Сахаров и Солженицын ещё не были гонимы, но тучи над ними уже сгущались…
Новый год встретили с оптимизмом. Потом пришло время зимним Олимпийским играм в японском Саппоро, и знаменитая снегами страна прильнула к телеэкранам с искренней гордостью за советских спортсменов.
По старой части Егорьевска (микрорайоны он не уважал) бродил тихий сумасшедший, бывший фронтовик и бывший педагог, которого население города знало как Колю, любимого, как стало известно впоследствии учителя, не последних людей района. Он неудачно спрыгнул с поезда Егорьевск – Шатура и сильно ударился головой о шпалу, а до этого была ещё фронтовая контузия. К семидесятым годам дорога эта была стерта с лица земли, а ко времени правления Ельцина о ней помнили только старики…
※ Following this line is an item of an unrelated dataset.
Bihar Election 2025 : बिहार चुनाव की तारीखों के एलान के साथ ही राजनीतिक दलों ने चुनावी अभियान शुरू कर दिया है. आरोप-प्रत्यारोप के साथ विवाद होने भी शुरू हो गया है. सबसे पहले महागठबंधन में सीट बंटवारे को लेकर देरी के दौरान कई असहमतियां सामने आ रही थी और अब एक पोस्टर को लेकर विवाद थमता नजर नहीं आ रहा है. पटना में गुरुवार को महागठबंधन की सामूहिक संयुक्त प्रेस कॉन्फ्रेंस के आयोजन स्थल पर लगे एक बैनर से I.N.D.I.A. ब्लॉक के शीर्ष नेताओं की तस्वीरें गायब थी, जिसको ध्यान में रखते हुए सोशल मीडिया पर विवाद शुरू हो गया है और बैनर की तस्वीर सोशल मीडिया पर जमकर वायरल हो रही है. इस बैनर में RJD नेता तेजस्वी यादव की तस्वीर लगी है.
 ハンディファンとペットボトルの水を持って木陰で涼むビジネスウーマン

С приходом чародейки весны, людям свойственно ожидать чего-то нового, светлого, радостного. В конце мая, готовясь к выпускным школьным экзаменам, Лёшка ждал приезда очередной незнакомой красавицы, или, просто симпатичной девушки, что в общем-то случалось летом ежегодно. Но год выдался странным – праздник Троица отметили без жертв и никаких девчонок-чаровниц в Колычеве в жаркий сезон не появилось. Приехали на Перспективную улицу двое ребят – двоюродный брат Людмилы и Виталия Королёвых здоровяк-москвич Юрка, да Серёжка Пряник из авиационного города Жуковского.
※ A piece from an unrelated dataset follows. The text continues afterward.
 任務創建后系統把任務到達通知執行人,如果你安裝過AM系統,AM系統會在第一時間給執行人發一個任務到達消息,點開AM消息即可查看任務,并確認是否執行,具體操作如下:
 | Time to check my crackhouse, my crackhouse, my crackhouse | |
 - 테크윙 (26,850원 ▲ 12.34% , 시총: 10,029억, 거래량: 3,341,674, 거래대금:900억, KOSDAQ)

С Юркой сдружился Василий, а Лёшка общего языка со стеснительным богатырём не нашел. Пряник же не подходил ему в приятели по приличной разнице лет.
По итогам экзаменов средний балл у бывшего пастуха оказался третьим в классе – 4,25.
Он пошёл проторенной Людмилой дорогой и собрался поступать в Коломенский сельскохозяйственный техникум. Приятель его, Балон, не жалея красок живописал красоты и прелести Коломны, крупного города в котором Москва-река впадала в Оку.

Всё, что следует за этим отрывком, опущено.